# MATERIAL SUPPLIED
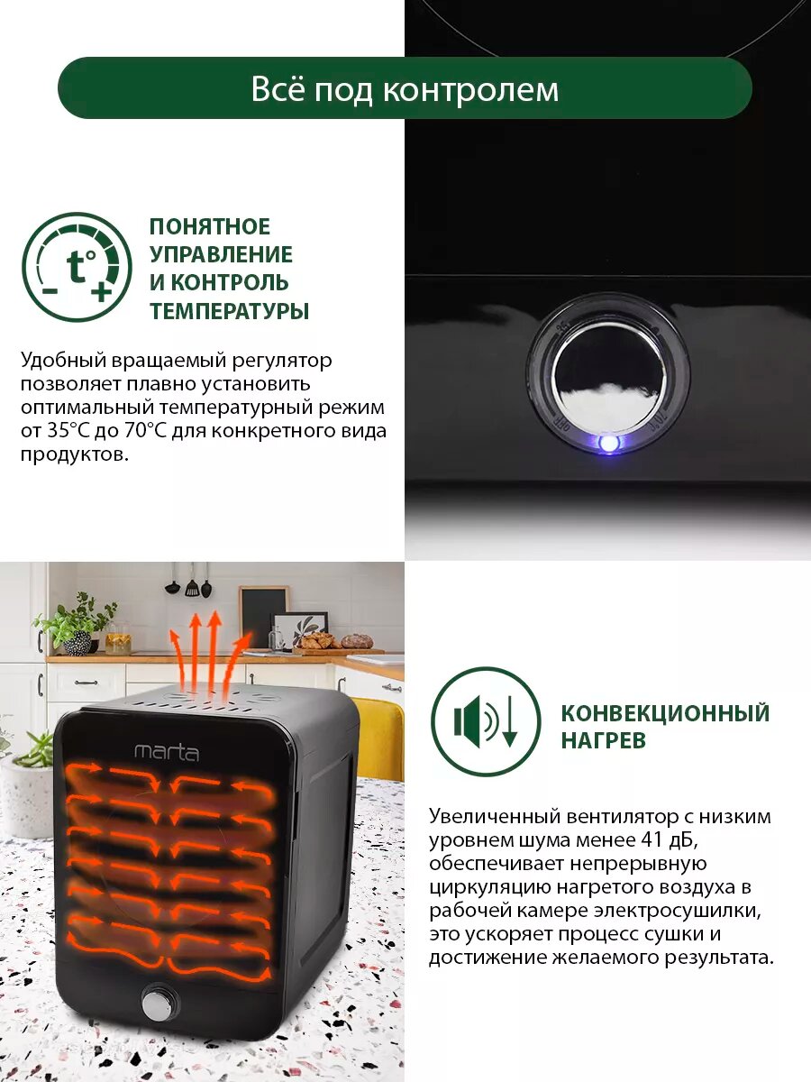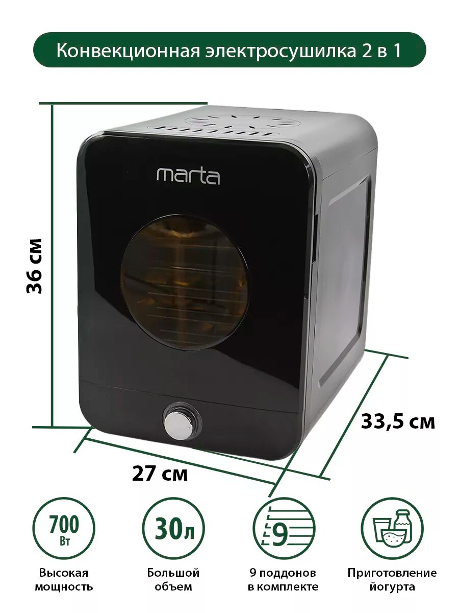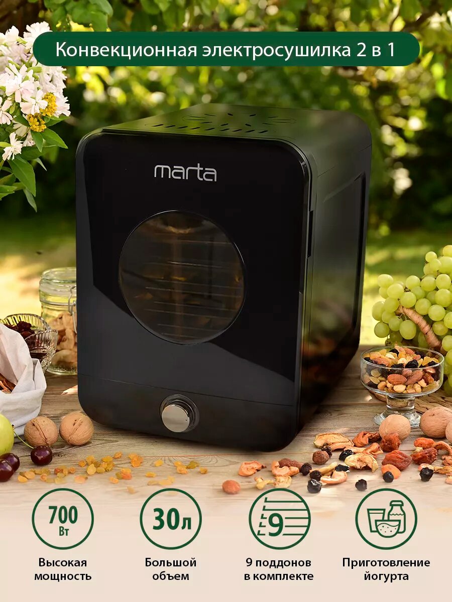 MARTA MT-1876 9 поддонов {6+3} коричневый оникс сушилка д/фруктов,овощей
---
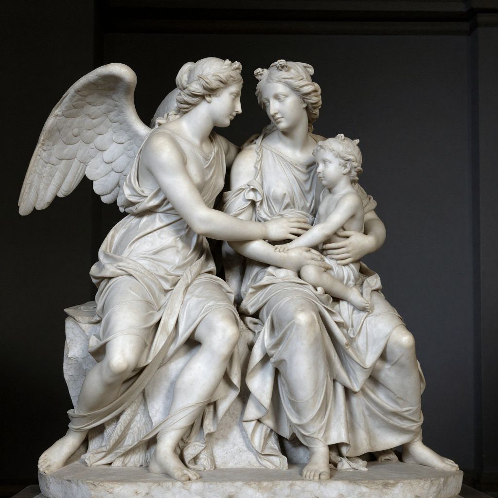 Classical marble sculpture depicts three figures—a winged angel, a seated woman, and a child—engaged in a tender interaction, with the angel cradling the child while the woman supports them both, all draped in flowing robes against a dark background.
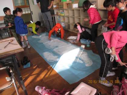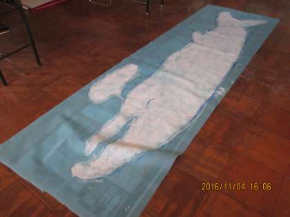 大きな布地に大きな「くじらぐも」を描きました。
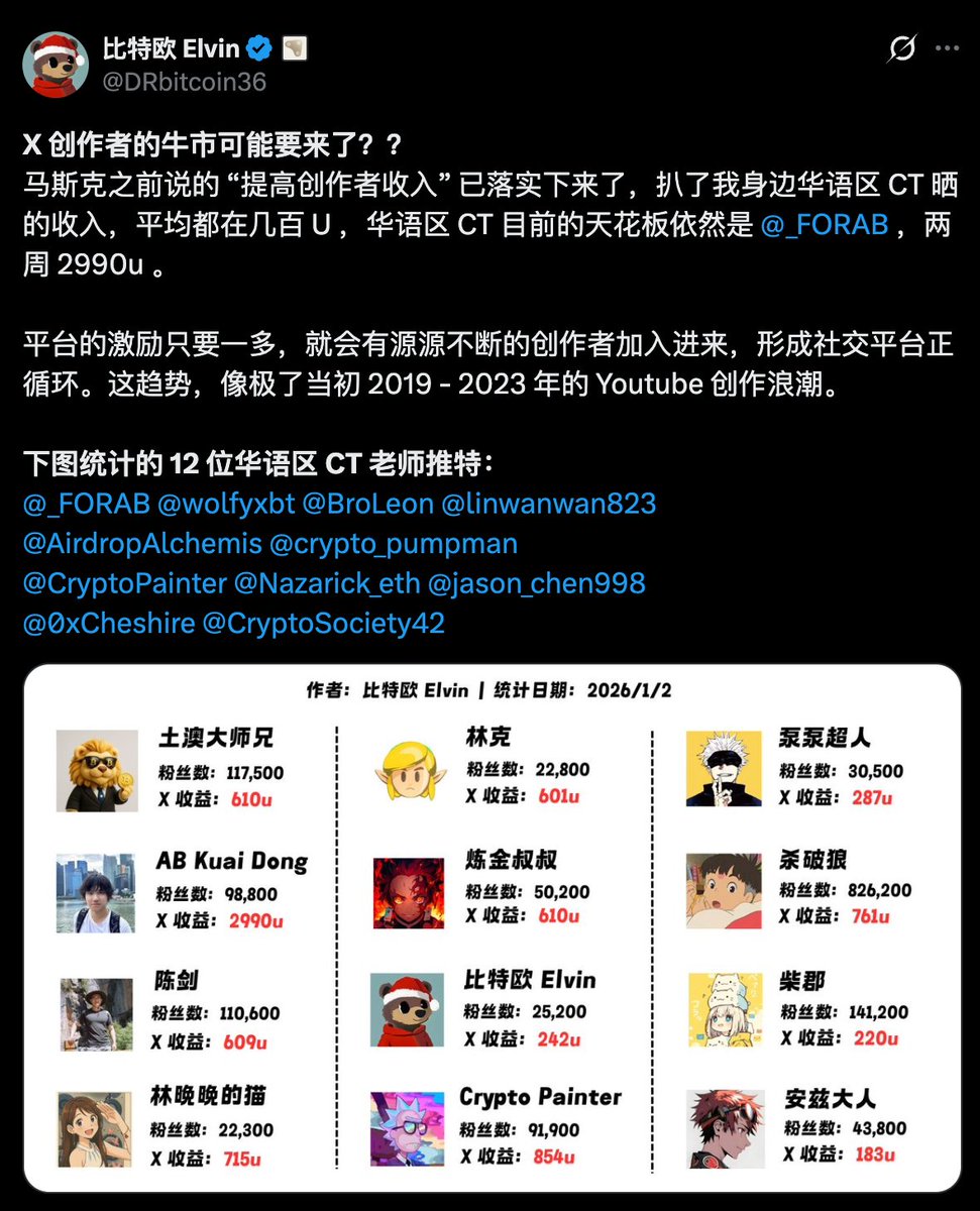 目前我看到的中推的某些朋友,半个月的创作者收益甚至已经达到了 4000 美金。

# ABOUT THIS TASK
Pictures excluded, reproduce only the part above that opens with the line holding "Classical marble sculpture" and closes with the line holding "目前我看到的中推的某些朋友,半个月的创作者收益甚至已经达到了 4000 美金。", exactly as written.

# REPLY
 Classical marble sculpture depicts three figures—a winged angel, a seated woman, and a child—engaged in a tender interaction, with the angel cradling the child while the woman supports them both, all draped in flowing robes against a dark background.
 大きな布地に大きな「くじらぐも」を描きました。
 目前我看到的中推的某些朋友,半个月的创作者收益甚至已经达到了 4000 美金。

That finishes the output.